Microsoft, Amazon offer their own repositories for government data
- By Joab Jackson
- May 29, 2009
Data.gov is not the only repository for raw government datasets. At least two commercial endeavors, by Microsoft and Amazon, also offer homes for government data.
Microsoft has set up a repository so that government agencies can upload and store their public-facing datasets for reuse by other parties. The repository uses Microsoft's Azure, the company's cloud computing offering. Microsoft's data repository is called the Open Government Data Initiative — not to be confused with the White House's Open Government Initiative Web site, which is a site for soliciting ideas from the public on greater government transparency.
Microsoft developed OGDI as a way to introduce Azure to the federal information technology community, said Susie Adams, Microsoft Federal chief technology officer. "The division built a starter kit that acts as a guide to how agencies can post data to Azure, using Visual Studio," she said. The data is stored in Azure, in SQL Tables. Eventually, Microsoft will move Azure data over to its SQL Data Services, she said. Agencies will be able to work within Azure for a fee.

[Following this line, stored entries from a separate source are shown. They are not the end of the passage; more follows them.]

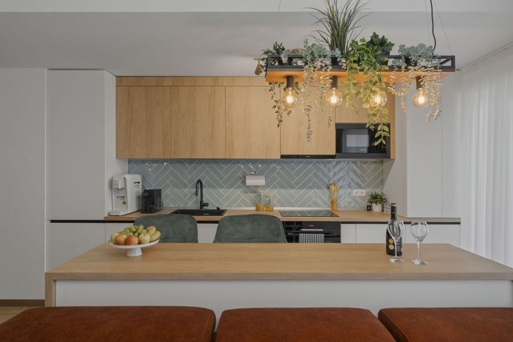 Bucătăria iese în evidență prin contrablatul verde dispus în model herringbone, o alegere care oferă dinamism vizual spațiului și creează un punct de interes pentru privitori. Deasupra insulei, un aranjament natural de plante creează o legătură subtilă cu exteriorul, aducând în interior un strop de natură autentică.
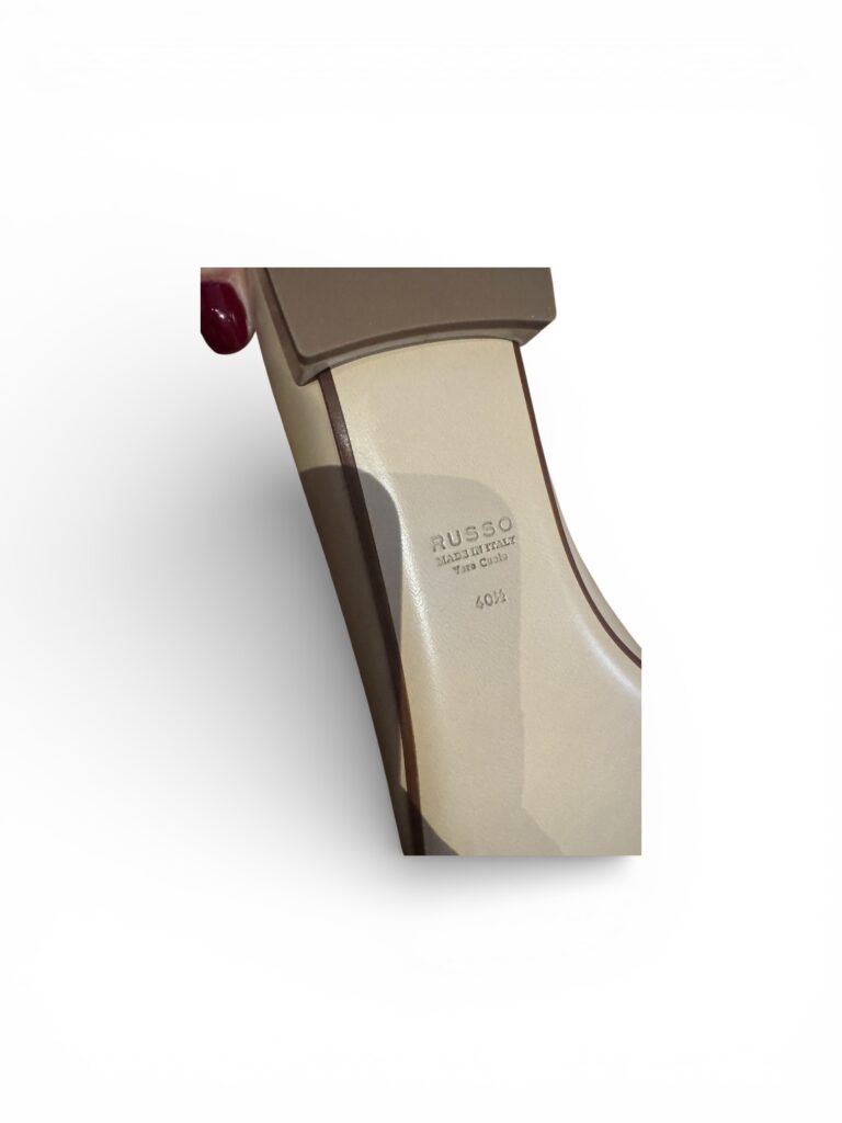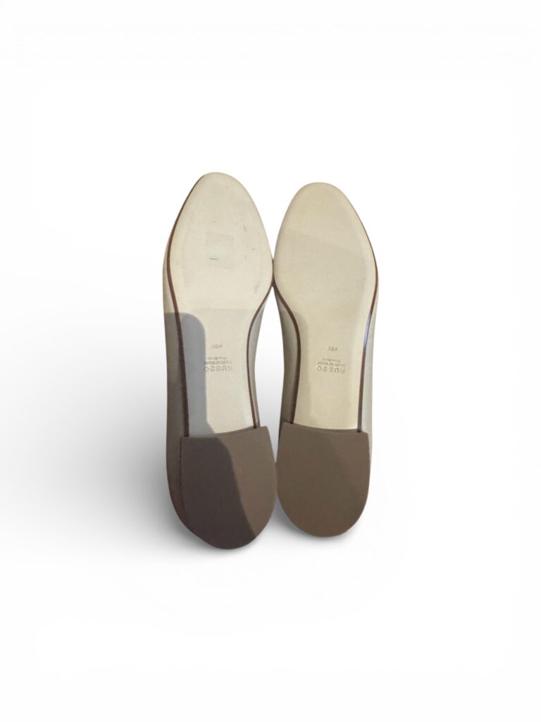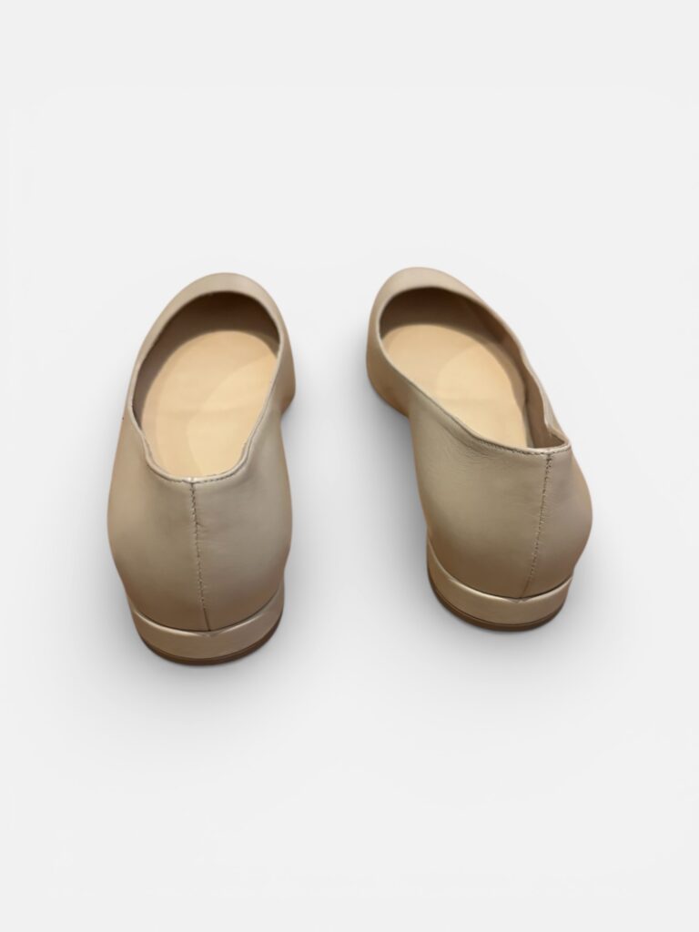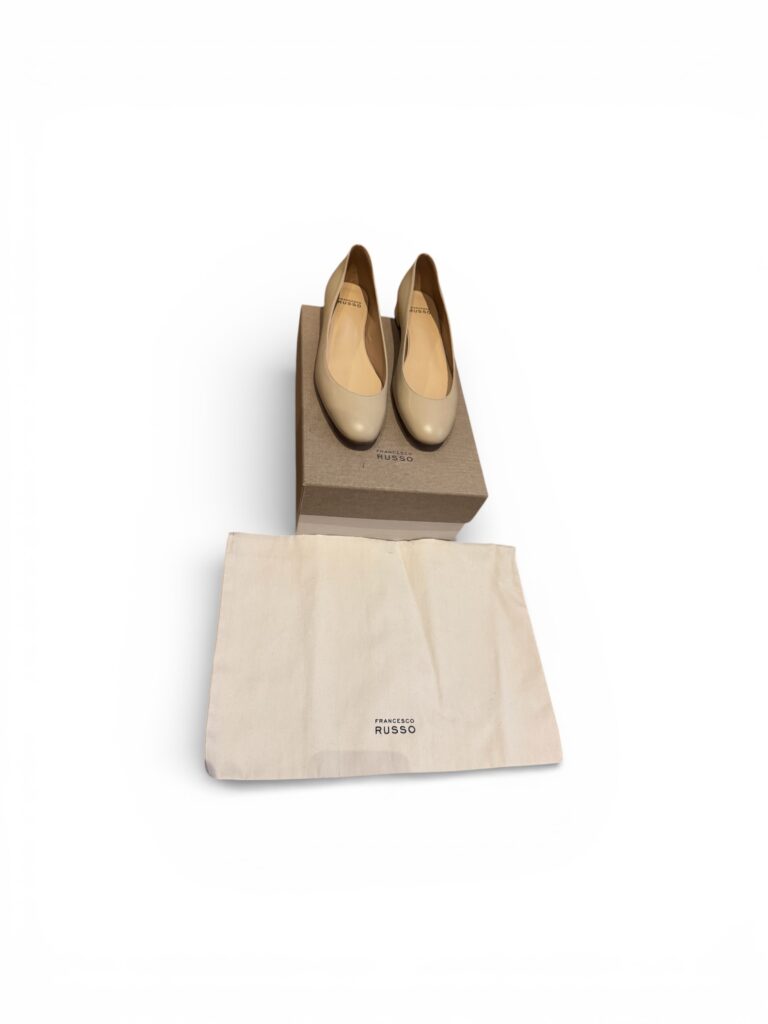 Élégantes ballerines Francesco Russo en cuir nappa beige “Dust”. Ligne épurée et intemporelle, cuir souple de grande qualité, petit talon discret pour un confort optimal au quotidien. Fabrication italienne. Modèle chic et facile à porter, aussi bien avec un jean qu’une tenue plus habillée.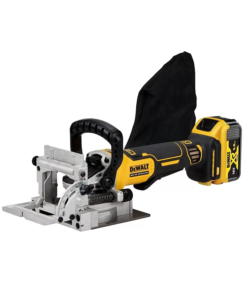 Aku lamelovací frézka 18V 2x5,0Ah DeWALT DCW682P2 s kotoučem o průměru 102 mm a maximální hloubkou řezu 20 mm.
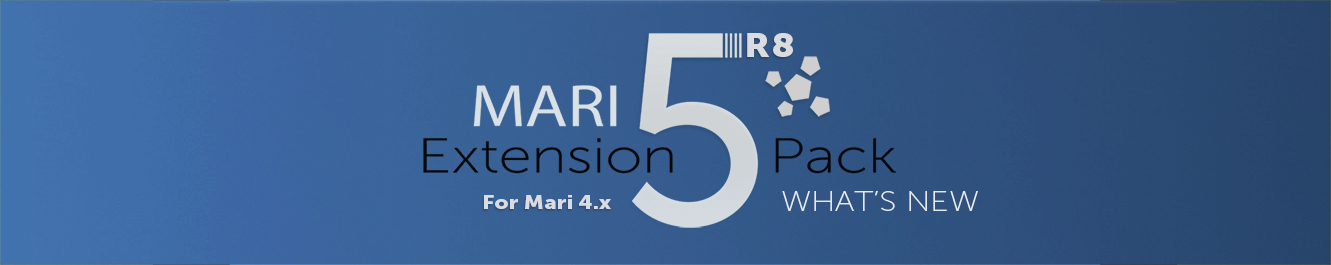 - Extension Pack 5 R8 adds additional quality of life features, mostly aimed at Decal and Locator Workflows, while also improving on compatibility with Mari 4.8

Like Microsoft, Amazon is offering storage in hopes that the government data will attract more users to its paid services.
The company is offering to host government datasets on its Elastic Block Storage (EBS) for free.
Amazon has already posted a large set of Census Bureau geographic data, namely the Topologically Integrated Geographic Encoding and Referencing (TIGER) shape files, which map the country's roads, railroads and rivers within legal and statistical geographic areas. Other public datasets include federal contracts from the Federal Procurement Data Center and Influenza Genome Sequencing from the National Center for Biotechnology Information.
Developers building cloud-based applications on the online store's Elastic Cloud Computing (EC2) service can point their virtual machines to copies of these datasets, which are in a format that is sometimes easier to reuse than the original formats that agencies provide. For instance, the TIGER files are available from the Census Bureau but only via FTP in compressed packages. The Amazon platform would allow Amazon cloud-based Web applications to import copies of the shape files as needed.
A batch of data on EBS "appears just like an external hard drive when it's mounted to an EC2 instance, which is a virtual machine," said Eric Gundersen, president of Development Seed, which is using the TIGER data as part of a school district mapping project for the nonprofit New America Foundation. "So you can hook up this public virtual disk to your virtual machine and work with the data as if it's local to your virtual machine."